The name 'Jack the Ripper' has become the most infamous in the annals of murder. Yet, the amazing fact is that his identity remains unproven today.

In the years 1888-1891 the name was regarded with terror by the residents of London's East End, and was known the world over. So shrouded in myth and mystery is this story that the facts are hard to identify at this remove in time. And it was the officers of Scotland Yard to whom the task of apprehending the fearsome killer was entrusted. 

They may have failed, but they failed honourably, having made every effort and inquiry in their power to free London of the unknown terror.

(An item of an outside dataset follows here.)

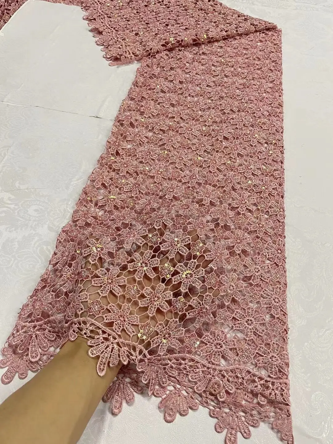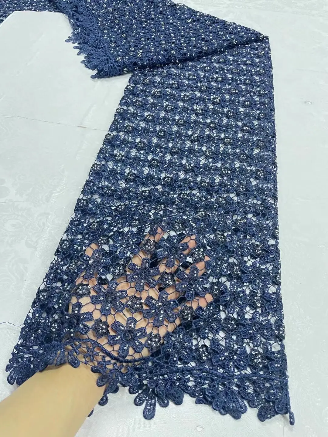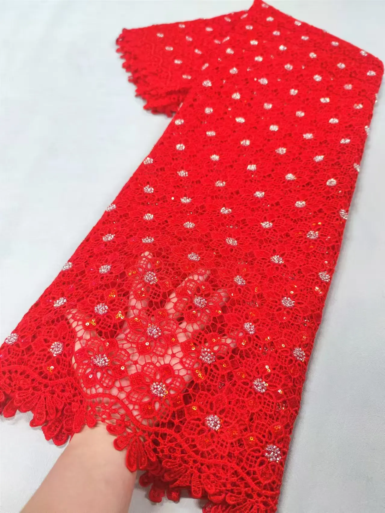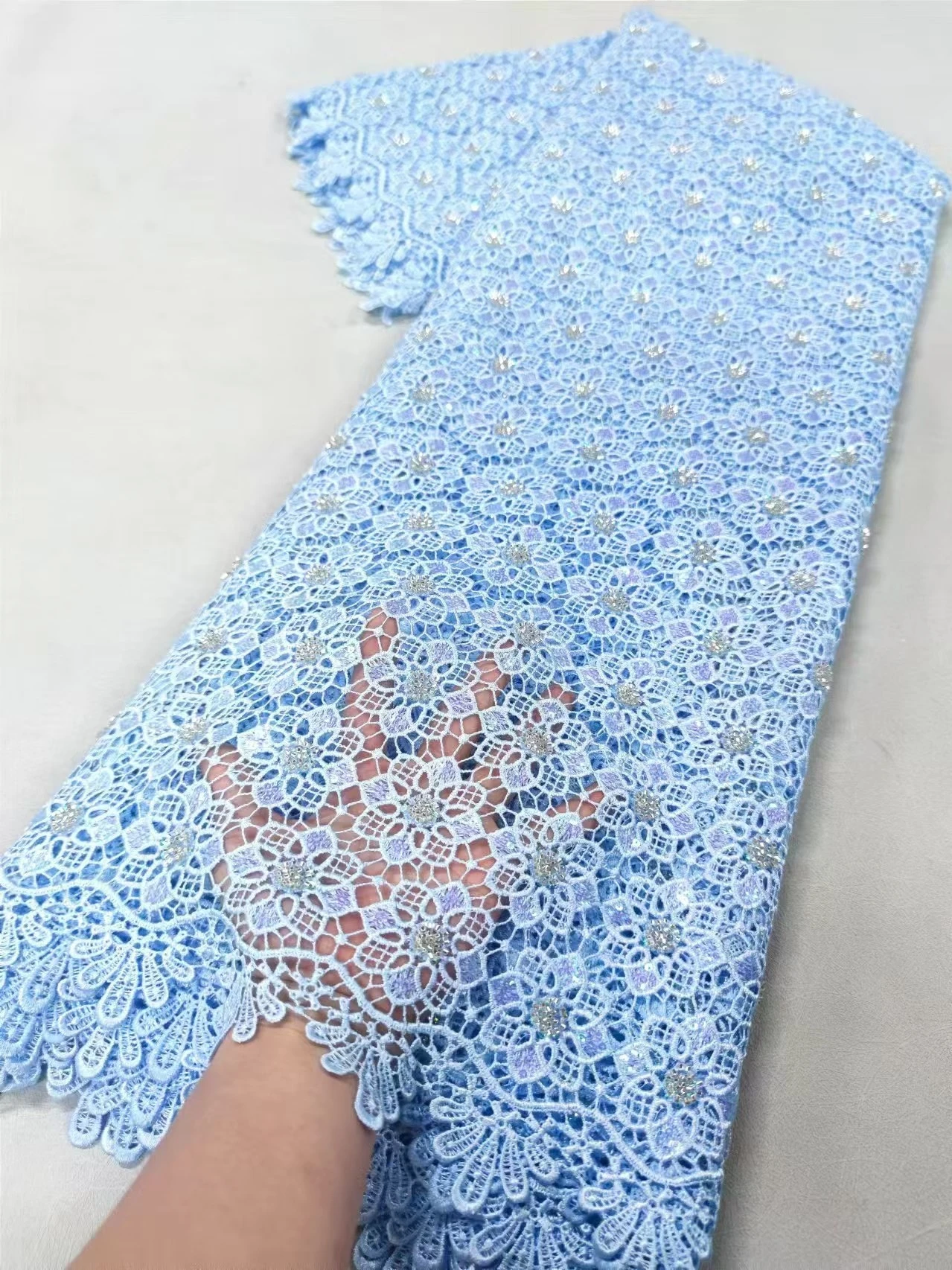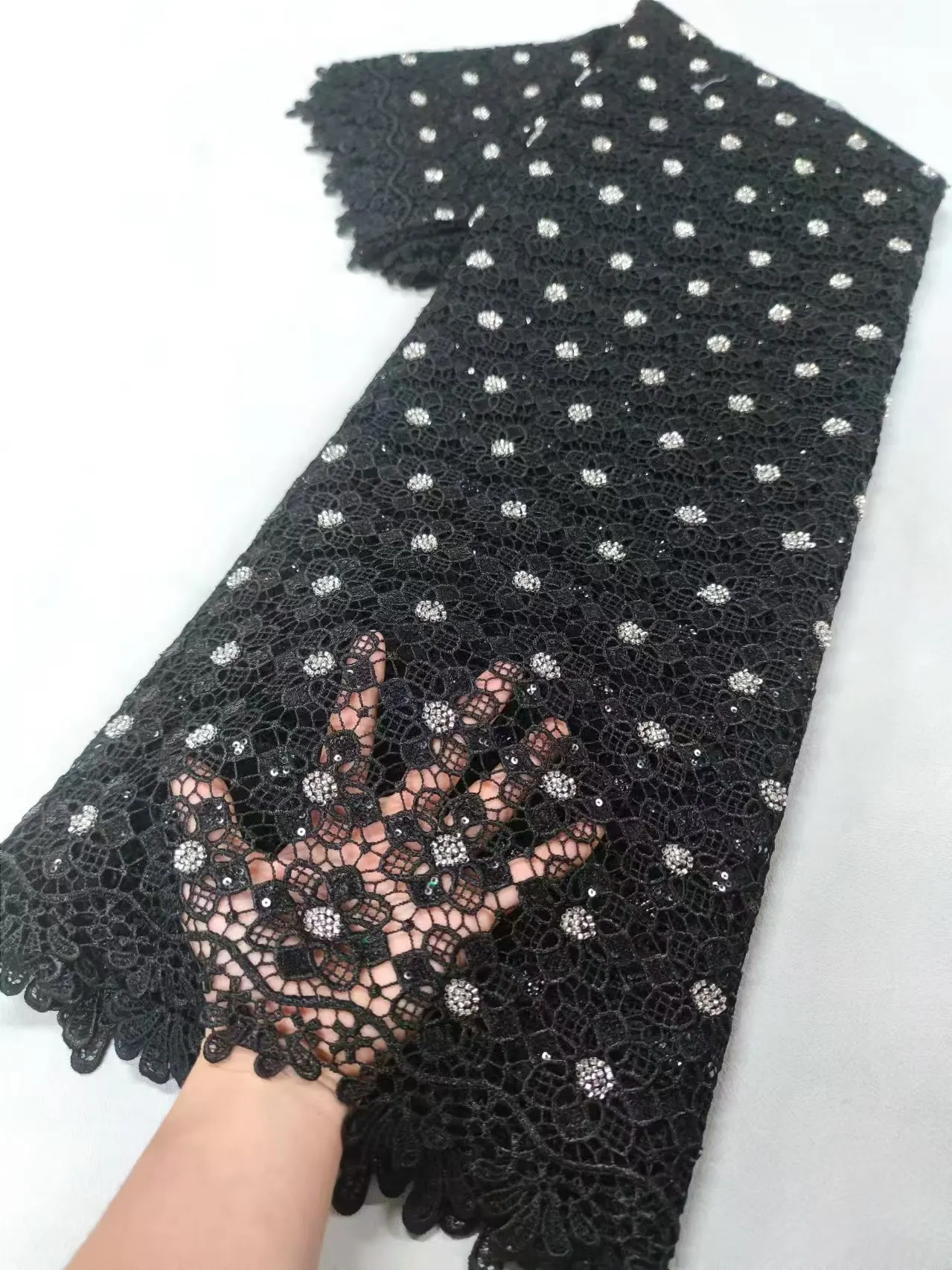 2024 High Quality 5 Yard Water Soluble African Lace Fabric Crystals Cord Guipure Lace Fabric Bridal Dresses For Wedding JL346

Over the years the mystery has deepened to the degree that the truth is almost totally obscured. Innumerable press stories, pamphlets, books, plays, films, and even musicals have dramatised and distorted the facts to such a degree that the fiction is publicly accepted more than the reality.

 

Suspects

Suffice to say genuine suspects are far fewer than the prolific authors of the genre would have us believe. In fact, to reduce them to only those with a genuine claim having been nominated by contemporary police officers, we are left with a mere four. They are;

- Kosminski, a poor Polish Jew resident in Whitechapel;

- Montague John Druitt, a 31 year old barrister and school teacher who committed suicide in December 1888;

- Michael Ostrog, a Russian-born multi-pseudonymous thief and confidence trickster, believed to be 55 years old in 1888, and detained in asylums on several occasions;

- Dr Francis J. Tumblety, 56 Years old, an American 'quack' doctor, who was arrested in November 1888 for offences of gross indecency, and fled the country later the same month, having obtained bail at a very high price.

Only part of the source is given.